Morning came with silver light spilling through the palace windows.
The princess woke before the maids arrived, still hearing a voice from the night before quiet, even, unshaken.
If the wind allows it.
She didn't know why those words clung to her, but they did.
Outside, the gardens glistened with dew. From the balcony she could see workers crossing the courtyards, preparing for the king's inspection. Among them, a figure moved differently from the rest steady, precise, almost graceful in silence.
Him.
Kaelion carried a crate of wood toward the stables. His movements were disciplined, efficient, never hurried. When he stopped for a moment to watch a bird land on the fountain's rim, she caught herself smiling.

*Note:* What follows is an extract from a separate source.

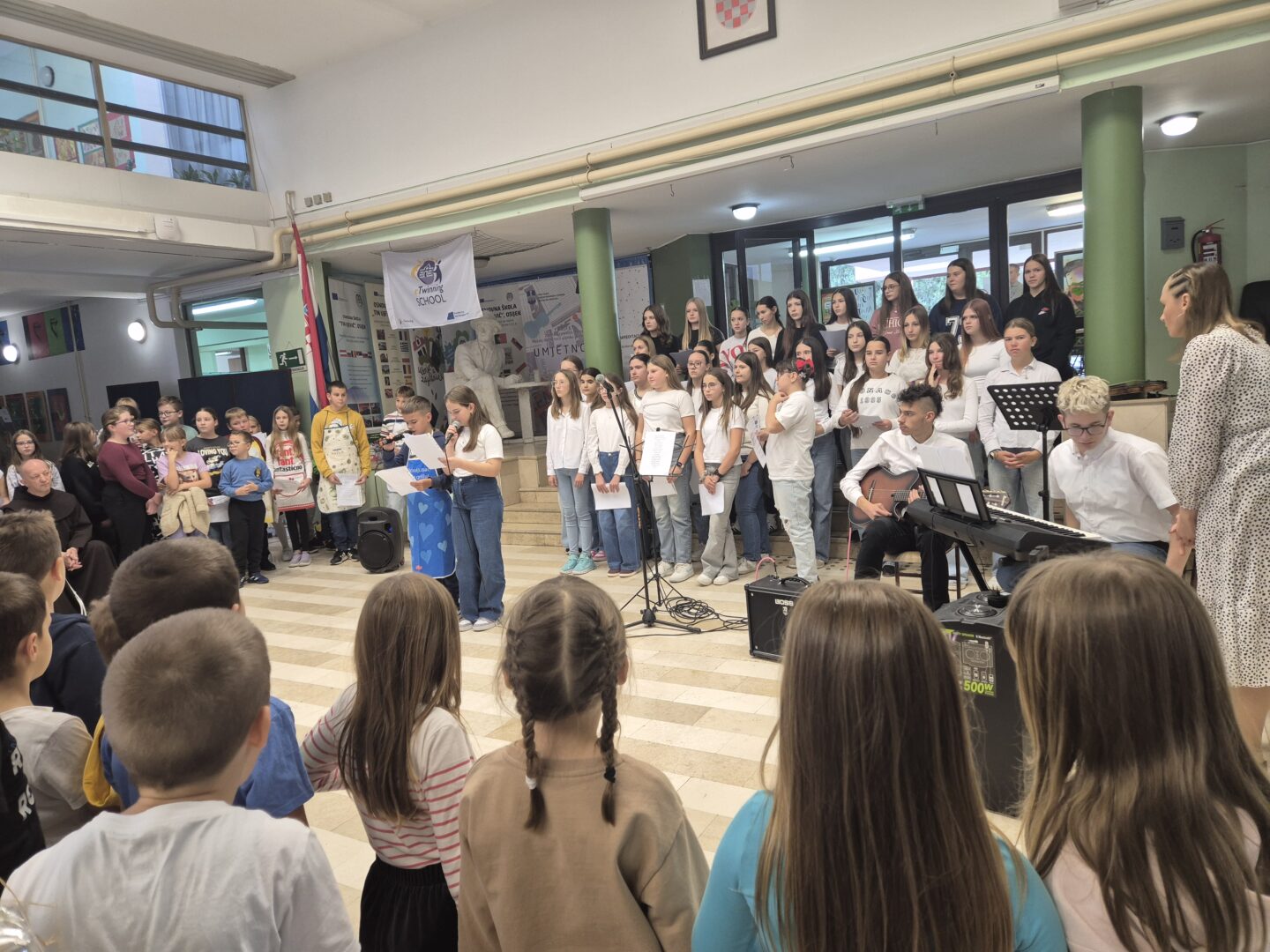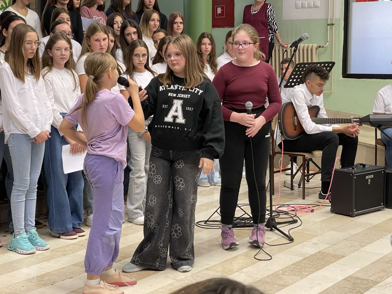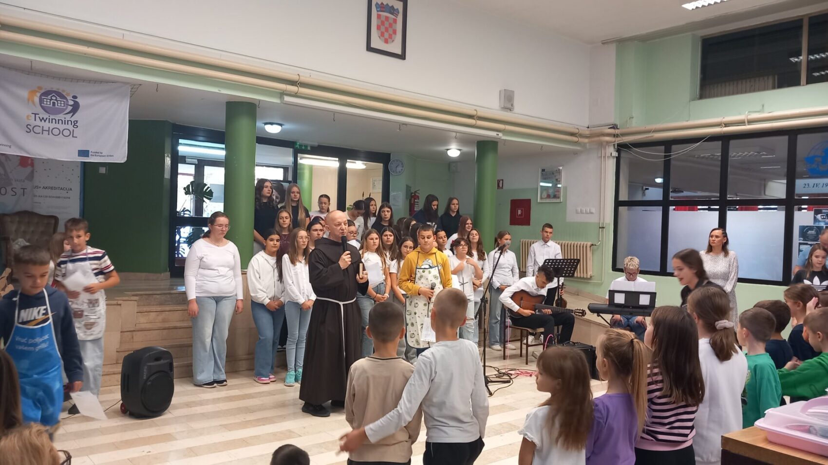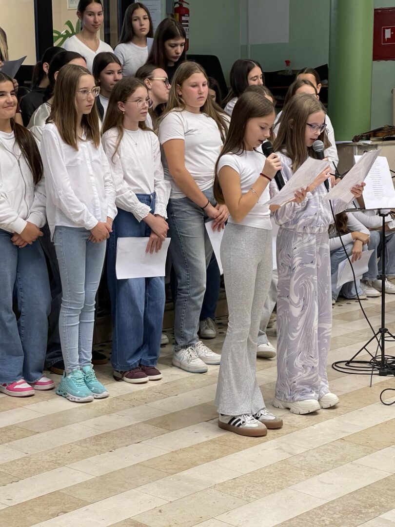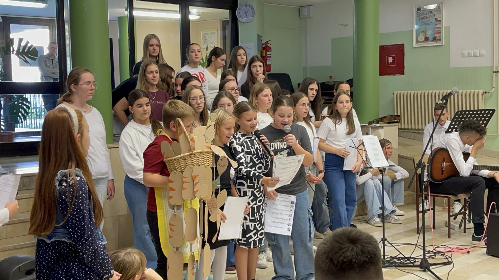Učenici 5.a razreda bili su u ulozi voditelja. Opušteno i glasno pozivali su prvašiće, drugašiće, trećaše i četvrtaše na recitiranje, pjevanje i igrokaz. Profesorica Andrea Opačak je s velikim zborom otpjevala pjesme zahvale Stvoritelju od nas stvorenja, stvarajući radosno i dirljivo ozračje.

No one else noticed him; that made her want to.
By mid-day she left the lessons she was meant to attend.
The guards at the lower halls knew her well enough to pretend not to see when she slipped through the side door toward the gardens. The air smelled of cedar and roses, and somewhere nearby a hammer struck rhythmically against stone.
Kaelion stood near the fountain again, repairing the edge of the marble. His sleeves were rolled to the elbows, his forearms streaked with pale dust.
He didn't turn when she approached; he already knew she was there.
"You're working," she said.
"I am," he answered, still focused on the stone.
"You speak as if words are measured," she murmured.
"They should be." He set the chisel down, finally facing her. "Too many spoken, too few meant."
She looked at him for a long time. "You talk like someone older than he looks."
"Maybe I am."
For a heartbeat neither moved. The breeze played with the ends of her hair; sunlight broke across his face. There was nothing romantic in their posture, yet the air between them felt charged, alive, as if something ancient was quietly awakening.
A servant's shout broke the stillness. Kaelion straightened, expression unreadable.
"You should go," he said. "They'll notice you're gone."
She hesitated. "Will you be here tomorrow?"
His eyes met hers cool, steady.
"If the stone still needs fixing," he said, and turned back to his work.
That night she wrote his name on a scrap of parchment only to burn it before anyone could see.
He, in another corner of the palace, cleaned his hands and stared at the tiny cut across his palm where the chisel had slipped. For the first time, the sting reminded him of something worth feeling.